The independent directors (being William Frewen, Justin Lewis and Peter Marks) consider, having consulted with finnCap Ltd, that the terms of the Heads of Agreement are fair and reasonable insofar as independent shareholders of the Company are concerned.
Mpokoto gold project:
Mpokoto has a current total mineral resource of 678,000oz Au from 14.58m tonnes @ 1.45g/t Au at a cut-off grade of 0.5g/t to produce approximately 25,000oz per annum over a nine-year mine life. The results of an expanded scoping study demonstrated a post-tax net present value of US$55.3 million based upon a discount rate of 8% and a gold price of US$1,250/oz.

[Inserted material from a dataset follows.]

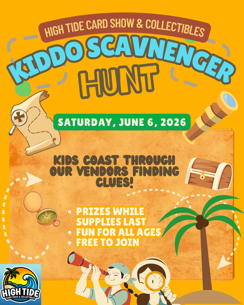 High Tide Card Show & Collectibles is committed to making a positive impact in our community while creating a fun experience for attendees of all ages.During the event, we will host activities where attendees can donate to support a local children’s hospital. Anyone who participates will be entered into a drawing for a chance to win a special prize.We will also be holding a food drive to support those in need. Guests who bring canned food, dry goods, or bottled water will receive an additional entry into the prize drawing.For younger collectors, we will have a Kiddo Scavenger Hunt, along with free Pokémon or sports card packs for the first 100 attendees (while supplies last).Leading up to the event, we will also be hosting the High Tide Kindness Challenge on social media. Participants who perform acts of kindness and tag High Tide can be entered to win $100 in vendor credit redeemable at the event.At High Tide, collecting cards and collectibles is just part of the experience, we’re also building community and giving back.

Results from a DFS, announced February 2016, set out various parameters for Mpokoto, identifying phased processing routes for the project to support low capex development (Phase one concentrates on the shallower oxide portion of the resource which will be prioritised for exploitation in advance of the deeper unweathered sulphide ore designated for Phase two). The technical financial model shows solid economic fundamentals coming from annual mine throughput of 720,000 tonnes of ore over a four and half year mine life from which an average 24,900 oz gold per annum could be produced. At a gold price of US$1,250 per oz, the revenue is US$138.6 million from Phase one alone. Capital costs are estimated to be of the order of US$25 million, with cash operating costs of US$792 per oz.
The Mpokoto project comprises four mining licences, which are valid for an initial term of 30 years from 30 September 2014. Significant further upside is anticipated with an exploration target of 2.4-3.0m tonnes grading 1.25-1.5 g/t Au which the Board estimate should yield an additional 120,000-150,000 oz Au to the project. Furthermore, the project is part of a substantial 800,000 hectares of exploration licences yet to be explored.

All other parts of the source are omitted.